В «Чувстве головокружения» английская часть жизни рассказчика отодвинута в тень. Но еще больше, чем две другие книги Зебальда, «Чувство» представляет собой автопортрет сознания — сознания, хронически неудовлетворенного; сознания, беспрестанно мучащего себя; сознания, предрасположенного к галлюцинациям. Гуляя по Вене, рассказчик, кажется, узнает в одном из прохожих Данте, покинувшего родной город, чтобы не быть сожженным у позорного столба. Сидя на корме венецианского вапоретто, он представляет себе Людвига Баварского[17]

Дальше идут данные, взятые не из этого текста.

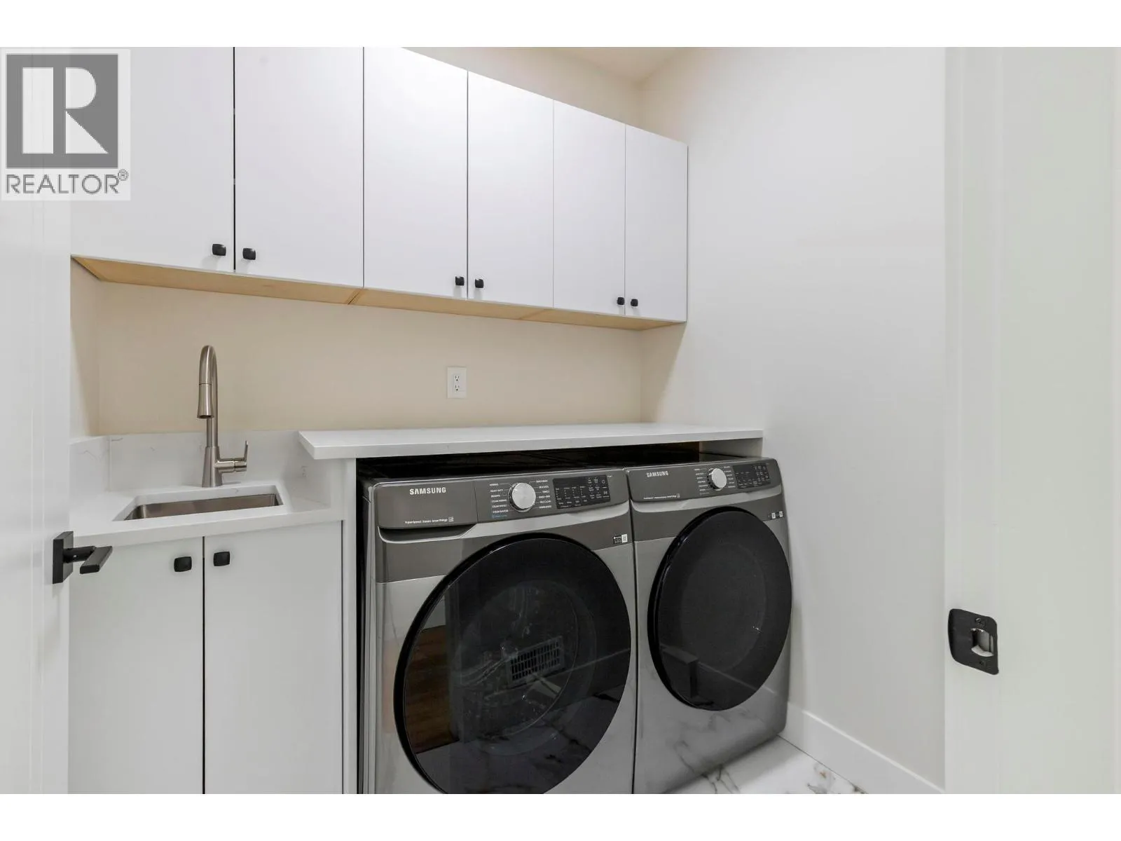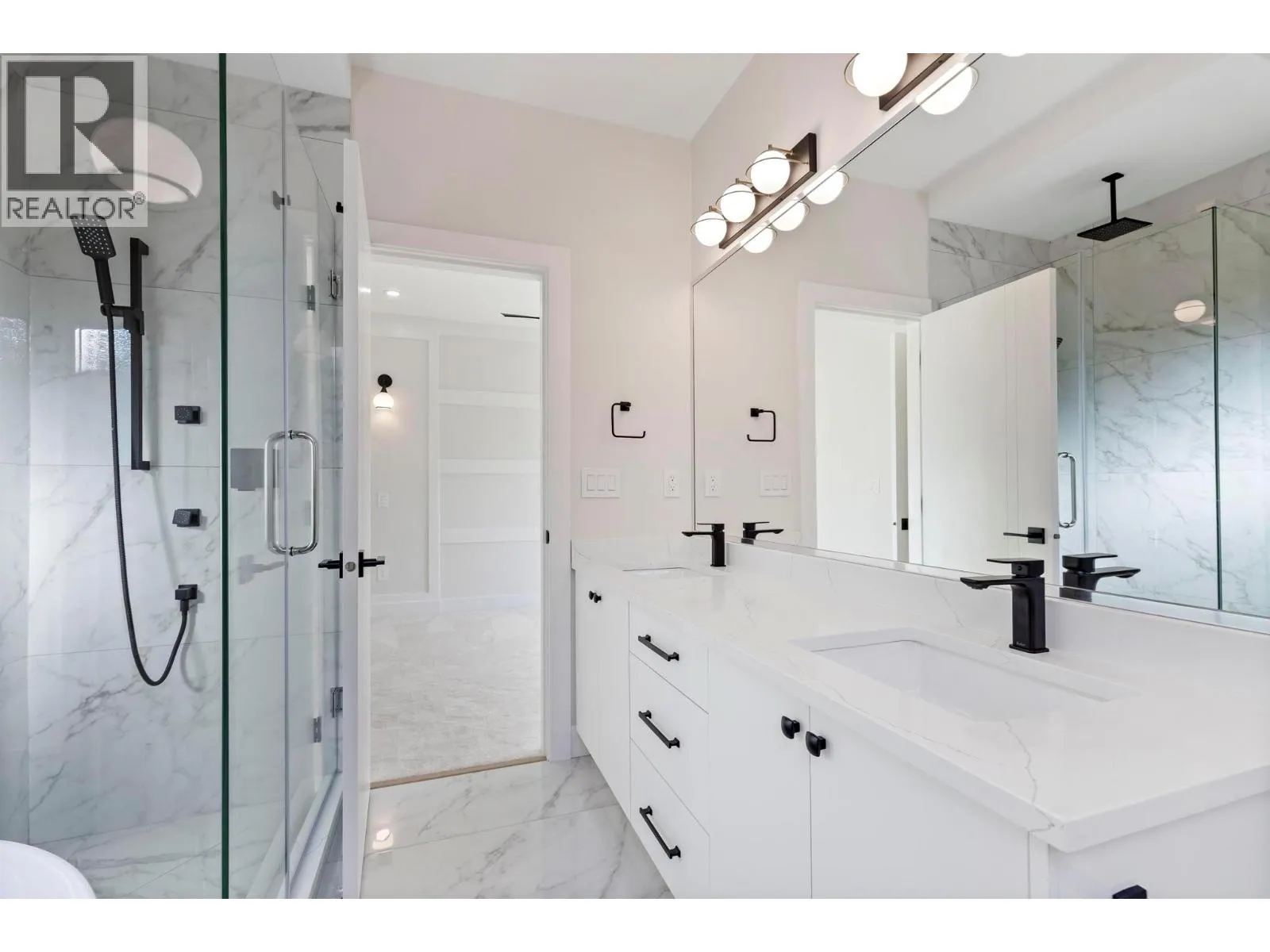 Welcome to The Trails, a stunning new build in one of West Kelownaâs most desirable communities. This 3,248 sq ft, five bedroom, four bathroom contemporary home stands out with its two bedroom legal suite and rooftop patio, offering both lifestyle and long term value. The main floor features an open concept layout with wide plank hardwood floors, quartz countertops, and a feature accent wall that adds warmth and modern character. The kitchen includes stainless steel appliances along with bold black hardware and fixtures. A large mudroom connects to the double garage, providing everyday convenience, while a powder room completes the level. Upstairs, the primary suite delivers a luxurious retreat with deck access, a custom feature wall, walk in closet, and spa inspired ensuite with dual sinks, glass shower, and freestanding tub. Two additional bedrooms, a full bath, and a laundry room with sink complete the upper floor. The bright legal two bedroom suite below offers its own laundry, full kitchen, and private entrance, ideal for extended family or rental income. Enjoy three outdoor decks, including a rooftop patio with gorgeous mountain and valley views, perfect for entertaining or relaxing. The synthetic turf backyard provides low maintenance living that is also great for kids and pets. Additional highlights include Step Code 3 energy efficiency, ample parking and storage, hot water on demand, alarm system, EV ready double garage, and a full blinds package. GST applicable. (id:27476)

; проезжая автобусом по берегу озера Гарда в сторону Ривы, видит подростка, как две капли воды похожего на Кафку. Рассказчик, рекомендующийся здесь иностранцем, — слушая болтовню немецких туристов в гостинице, он хотел бы не понимать их язык, «не быть их соотечественником и вообще ничьим соотечественником», — это еще и разум в трауре. В одном пассаже он обмолвливается, что не знает, жив ли еще или уже нет.На самом деле — и то и другое: он странствует по миру живых, а воображение переносит его в край мертвых. Путешествие нередко ведет назад. Возвращаются, чтобы закончить дело; чтобы пройти по памятным следам; чтобы повторить (или дополнить) пережитое; чтобы — как в четвертой части «Изгнанников» — прийти к окончательному, беспощадному озарению. Героические попытки вспомнить и вернуться требуют жертв. Самые сильные страницы «Чувства головокружения» сосредоточены на цене подобных поступков. Английский титул Vertigo, приблизительный перевод игрового немецкого заглавия Schwindel. Gefuehle (буквально «Головокружение. Чувство»), с трудом вмещает все оттенки паники, оцепенения и замешательства, описанные в книге. Как рассказывает повествователь в «Чувстве головокружения», в первый свой венский день он забрался в такую даль, что у него, как выяснилось по возвращении в гостиницу, башмаки не выдержали. В «Кольцах Сатурна» и особенно в «Изгнанниках» ум не настолько замкнут на собственных проблемах, и рассказчик реже бросается в глаза. В отличие от более поздних книг «Чувство головокружения» целиком посвящено страдающему сознанию повествователя. Но душевный недуг, подтачивающий покой рассказчика, передан здесь настолько лаконично, что сознание владеет собой и нигде не впадает в солипсизм, как это случается с менее внимательной к себе литературой.
Широта взгляда и точность деталей возвращают неустойчивое сознание рассказчика на твердую почву. Поскольку исходным толчком к пробуждению мысли в книгах Зебальда всегда остается путешествие, перемещение в пространстве придает его картинам, и особенно картинам природы, кинетический напор. Зебальдовскому рассказчику
Где мы слышали в англоязычной словесности такой убедительный и четкий голос, настолько непосредственный в выражении чувств и с такой сосредоточенностью отдающийся передаче «реального»? На ум может прийти Д. Г. Лоуренс или «Загадка переезда» Найпола. Но им почти неизвестна взволнованная открытость зебальдовской прозы. Тут нужно обращаться к немецким корням. Жан-Поль, Франц Грильпарцер, Адальберт Штифтер, Роберт Вальзер, Гофмансталь с его «Письмом лорда Чандоса», Томас Бернхард — вот лишь несколько предшественников Зебальда, новейшего мастера этой литературы сокрушений и обеспокоенной мысли. Общее мнение изгнало из английской литературы последнего века беспрестанное сожаление и лирику как будто бы несовместимые с прозой, напыщенные и претенциозные. (Даже такой замечательный и не подпадающий под данное правило роман, как «Волны» Вирджинии Вулф, не избежал подобной критики.) Послевоенная немецкая литература, не забывшая, каким подходящим материалом для тоталитарного мифостроительства оказался возвышенный тон прежнего искусства и литературы, в особенности — немецких романтиков, подозрительно относилась ко всему, что напоминало романтическое или ностальгическое любование прошлым. В подобных условиях только немецкий писатель, избравший постоянным местом жительства заграницу, мог позволить себе, оставаясь в пределах литературы с новейшей неприязнью к высокому, такой убедительный благородный тон.